On Tue, Jan 3, 2012 at 3:05 PM, Jeremy Harris <jgh(at)wizmail(dot)org> wrote:
> On 2012-01-03 04:44, Robert Haas wrote:
>> On read-only workloads, you get spinlock contention, because everyone
>> who wants a snapshot has to take the LWLock mutex to increment the
>> shared lock count and again (just a moment later) to decrement it.
>
> Does the LWLock protect anything but the shared lock count?  If not
> then the usually quickest manipulation is along the lines of:
>
> loop: lwarx r5,0,r3  #load and reserve
>        add     r0,r4,r5 #increment word
>        stwcx. r0,0,r3  #store new value if still reserved
>        bne-    loop      #loop if lost reservation
>
> (per IBM's software ref manual,
>  https://www-01.ibm.com/chips/techlib/techlib.nsf/techdocs/852569B20050FF778525699600719DF2
> )
>
> The same sort of thing generally holds on other instruction-sets also.

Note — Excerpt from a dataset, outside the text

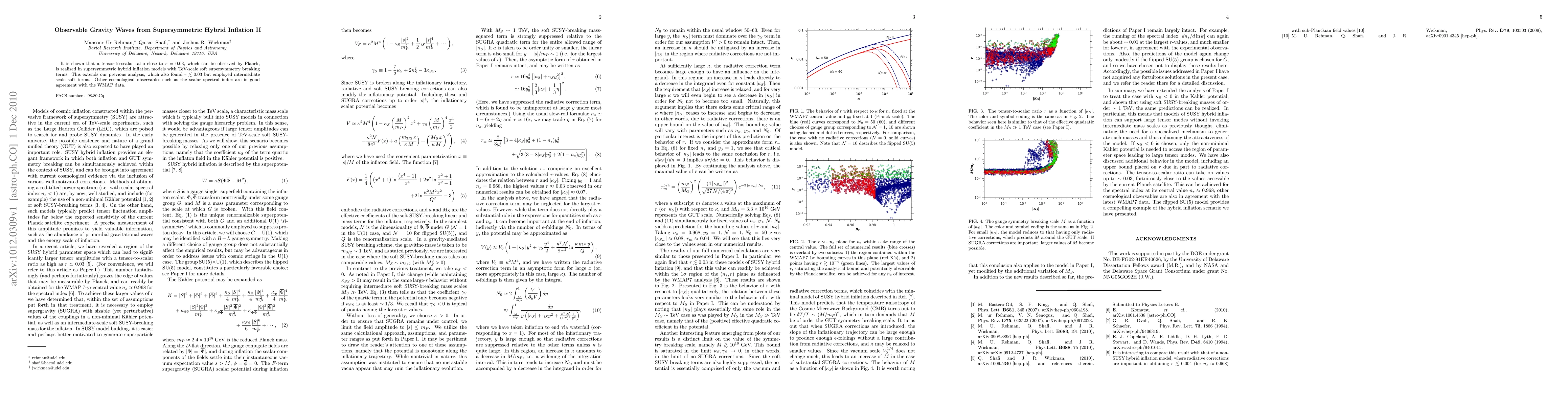 This paper demonstrates that supersymmetric hybrid inflation models with TeV-scale soft supersymmetry breaking terms can produce a tensor-to-scalar ratio of r ≈ 0.03, observable by Planck, while maintaining compatibility with WMAP data for other cosmological observables. This extends previous findings with intermediate scale soft terms.
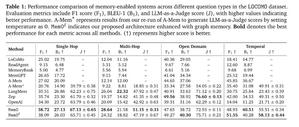 ZEP 号称更满足企业内的需求,传统的 RAG 是基于静态的文档数据,ZEP 能够根据对话和 Bussiness Data 来获取更实时的信息。它的主要创新在于记忆的存储结构,底层自研了一个图引擎 Graphiti,能够提供时间感知的知识图谱。由于在它之前也就 MemGPT(上面的 LETTA)表现比较优异,所以论文中主要与其做对比。DMR Benchmark 比 MemGPT 表现更优,94.8% vs 93.4%。同时在 LongMemEval benchmark,这是一个更符合企业用例的测试,包含一些复杂的时间推理任务,通过 ZEP 准确度提升了 18.5%。

Sure, but the actual critical section is not that simple. You might
look at the code for LWLockAcquire() if you're curious.

> Also, heavy-contention locks should be placed in cache lines away from other
> data (to avoid thrashing the data cache lines when processors are fighting
> over the lock cache lines).

Yep. This is possibly a problem, and has been discussed before, but I
don't think we have any firm evidence that it's a problem, or how much
padding helps. The heavily contended LWLocks are mostly
non-consecutive, except perhaps for the buffer mapping locks.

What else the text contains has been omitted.